Louise of Valois (c. 19 August 1515 – 21 September 1518), was the first child and first daughter of King Francis I of France and his first wife, Claude of France. She died in infancy, but was betrothed to Charles I of Spain for much of her life.

== Life ==
Born on 19 August 1515, Louise of France was the first child born to the newly-ascended King of France, Francis I, and his first wife, Claude of France, Duchess of Brittany. Claude was the eldest child of King Louis XII, whom Francis succeeded. To end hostilities between France and Spain, the twelve-month old Louise was promised in marriage to Charles I of Spain, who would later go on to become Holy Roman Emperor. The Treaty of Noyon mandated that if Louise were to die, Charles would be obligated to wed another daughter of King Francis, or Renée, Queen Claude's sister. Either option would involve France ceding its claim to the Kingdom of Naples to Charles. In exchange, Charles would pay Francis a pension of a hundred thousand crowns a year until the wedding, and half of that amount annually if the marriage were to remain childless. If no marriage materialized, then Francis would retain the claim to Naples. The treaty also mandated that Louise was to remain under the care of Queen Claude until she turned eight, and was not to be married until the age of twelve.

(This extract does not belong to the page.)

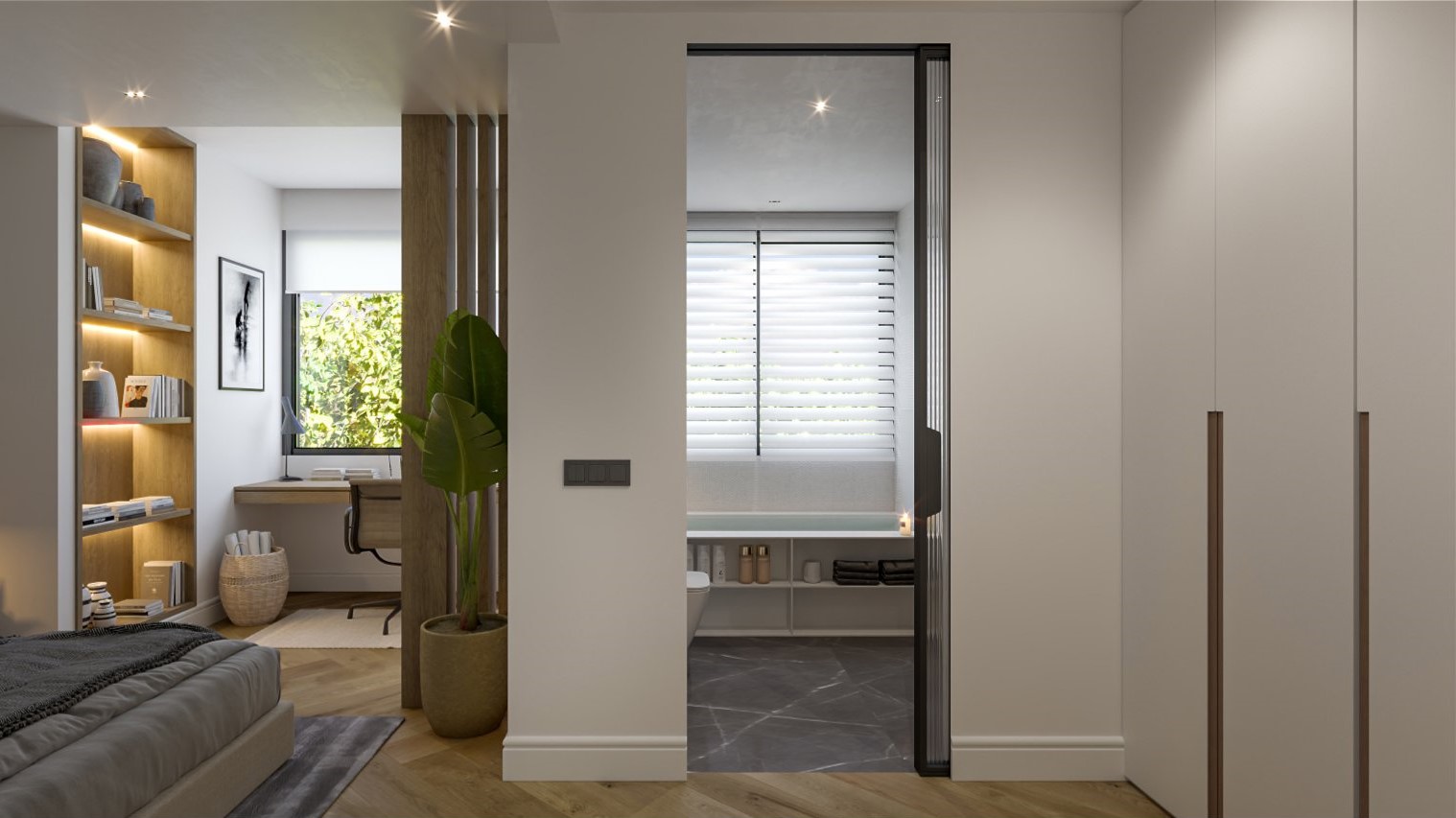 🚪 La zona de descanso está cuidadosamente distribuida a través de un espacioso distribuidor. Dispondrás de 4 habitaciones en suite, cada una diseñada para ofrecer el máximo confort. Los 4 baños completos cuentan con elegantes detalles, incluyendo plato de ducha y bañera, para que disfrutes de un spa en casa. Las otras 3 habitaciones dobles ofrecen armarios empotrados de alta calidad.

However, Louise died at the age of three on 21 September 1518, and Charles was betrothed instead to her younger sister Charlotte, though he would eventually marry Isabella of Portugal once the two countries went to war again.

== Sources ==
- Pardoe, Julia (1849). "The Court and Reign of Francis the First, King of France"
- Robertson, William (1843). "The History of the Reign of Emperor Charles V: With a View of the Progress of Society in Europe, from the Subversion of the Roman Empire, to the Beginning of the Sixteenth Century"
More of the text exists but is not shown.